### Records ###

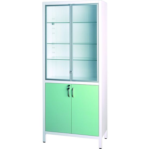 Корпус медицинского шкафа установлен на ножки с регулируемыми опорами.
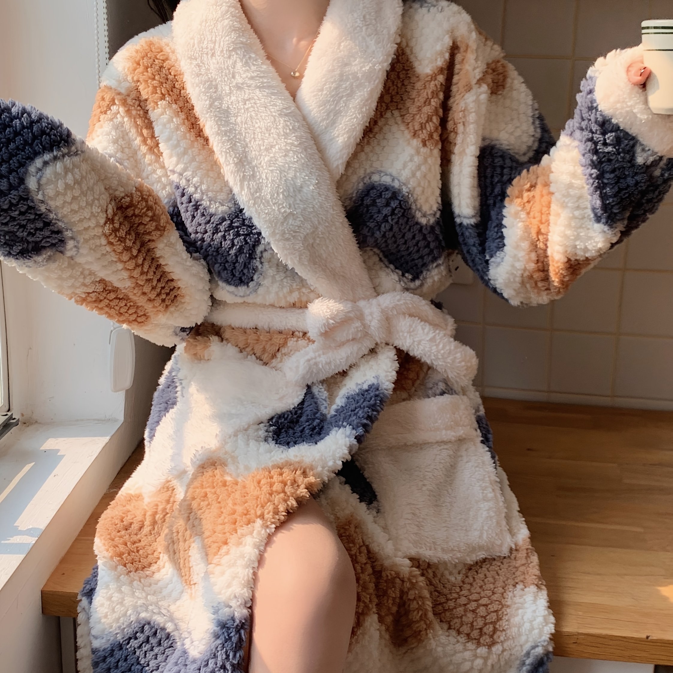 TEMU 엘레강트 체크 프린트 기모노 가운 - 두꺼운 겨울용 스타일 목욕가운, 벨트 포함, 긴 소매 칼라 & 파자마 같은 따뜻함, 세탁기 사용 가능한 아우터웨어 (베이지/블루/브라운/토프)|샤워가운
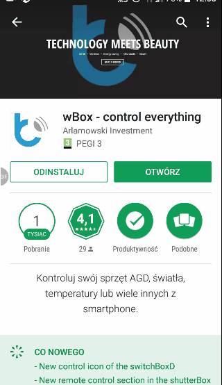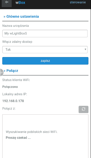 - Jeśli nasz telefon połączył się z siecią np. „wLightBoxS-534sSdasa3ds” możemy uruchomić aplikację wBox.
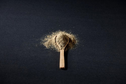 ملعقة خشبية ممتلئة ببودرة الهيل والبودرة تناثرت على خلفية سوداء
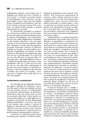 O conhecimento declarativo na matemá- que dá margem a operações mais complexas,
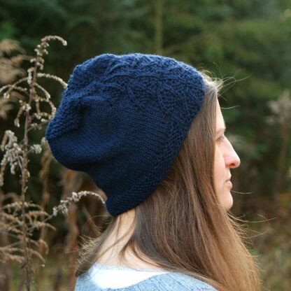 Emmi is a slouchy beanie/toque with a garter stitch brim and crown. An umbrella-like pattern runs up above the right eye, the rest is simple stockinette stitch. Emmi is casual and yet feminine. This pattern is great for beginners and knits up quite fast.
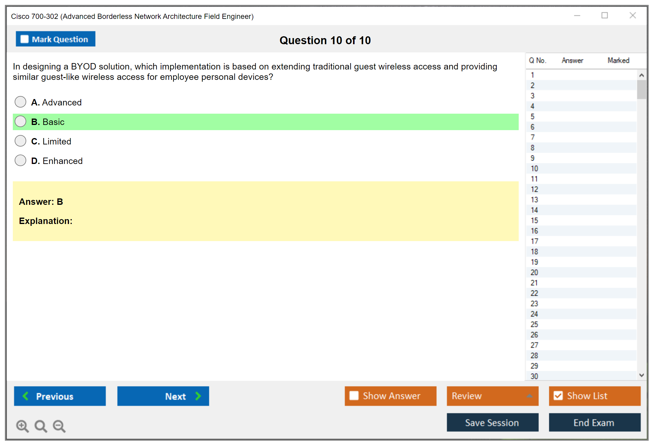 The difficulty level of the Cisco 700-302 Exam is considered to be advanced, requiring a deep understanding of Cisco Borderless Network solutions and practical experience.
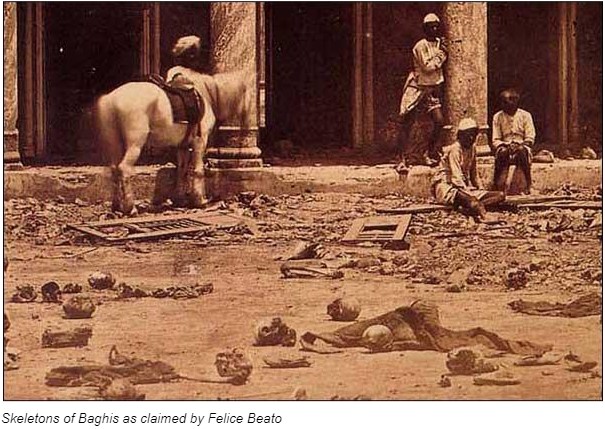 The origin of this first Indian scandal of photojournalism seems to be the diary of Sir George Campbell, a top army officer of the East India Company. He entered in his diary that Beato probably had the human remains of Sowars or native Bagis excavated and strewn around the campus of Sikandar Bagh.
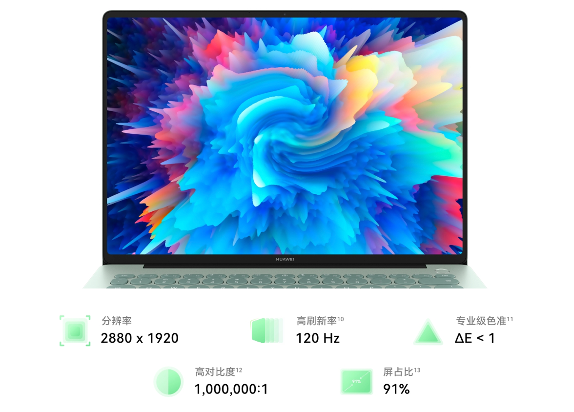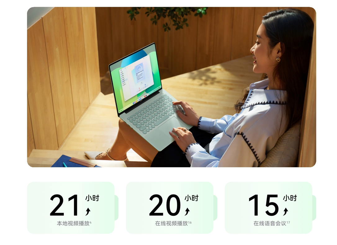 在各种使用场景中,用得久和用得稳永远是刚需。华为MateBook 14 鸿蒙版配备了70Wh大容量电池,可以支持最长21小时本地视频播放、15小时语音会议,满足全天外出和差旅需求。内置鲨鱼鳍双风扇和大直径热管组成的散热系统,在高负载下仍能保持冷静和低噪音,兼顾性能和安静。拥有如此高规格设计的同时,还能确保机身薄至14.5mm、重量仅有1.33Kg,日常通勤携带没有压力。同时,鸿蒙智徽、波点技术键盘和多彩配色也让设计更有辨识度。

###

Each line from the one containing "TEMU 엘레강트 체크" through the last line of the entries above is to be extracted exactly. Pictures are not part of the copy.

 TEMU 엘레강트 체크 프린트 기모노 가운 - 두꺼운 겨울용 스타일 목욕가운, 벨트 포함, 긴 소매 칼라 & 파자마 같은 따뜻함, 세탁기 사용 가능한 아우터웨어 (베이지/블루/브라운/토프)|샤워가운
 - Jeśli nasz telefon połączył się z siecią np. „wLightBoxS-534sSdasa3ds” możemy uruchomić aplikację wBox.
 ملعقة خشبية ممتلئة ببودرة الهيل والبودرة تناثرت على خلفية سوداء
 O conhecimento declarativo na matemá- que dá margem a operações mais complexas,
 Emmi is a slouchy beanie/toque with a garter stitch brim and crown. An umbrella-like pattern runs up above the right eye, the rest is simple stockinette stitch. Emmi is casual and yet feminine. This pattern is great for beginners and knits up quite fast.
 The difficulty level of the Cisco 700-302 Exam is considered to be advanced, requiring a deep understanding of Cisco Borderless Network solutions and practical experience.
 The origin of this first Indian scandal of photojournalism seems to be the diary of Sir George Campbell, a top army officer of the East India Company. He entered in his diary that Beato probably had the human remains of Sowars or native Bagis excavated and strewn around the campus of Sikandar Bagh.
 在各种使用场景中,用得久和用得稳永远是刚需。华为MateBook 14 鸿蒙版配备了70Wh大容量电池,可以支持最长21小时本地视频播放、15小时语音会议,满足全天外出和差旅需求。内置鲨鱼鳍双风扇和大直径热管组成的散热系统,在高负载下仍能保持冷静和低噪音,兼顾性能和安静。拥有如此高规格设计的同时,还能确保机身薄至14.5mm、重量仅有1.33Kg,日常通勤携带没有压力。同时,鸿蒙智徽、波点技术键盘和多彩配色也让设计更有辨识度。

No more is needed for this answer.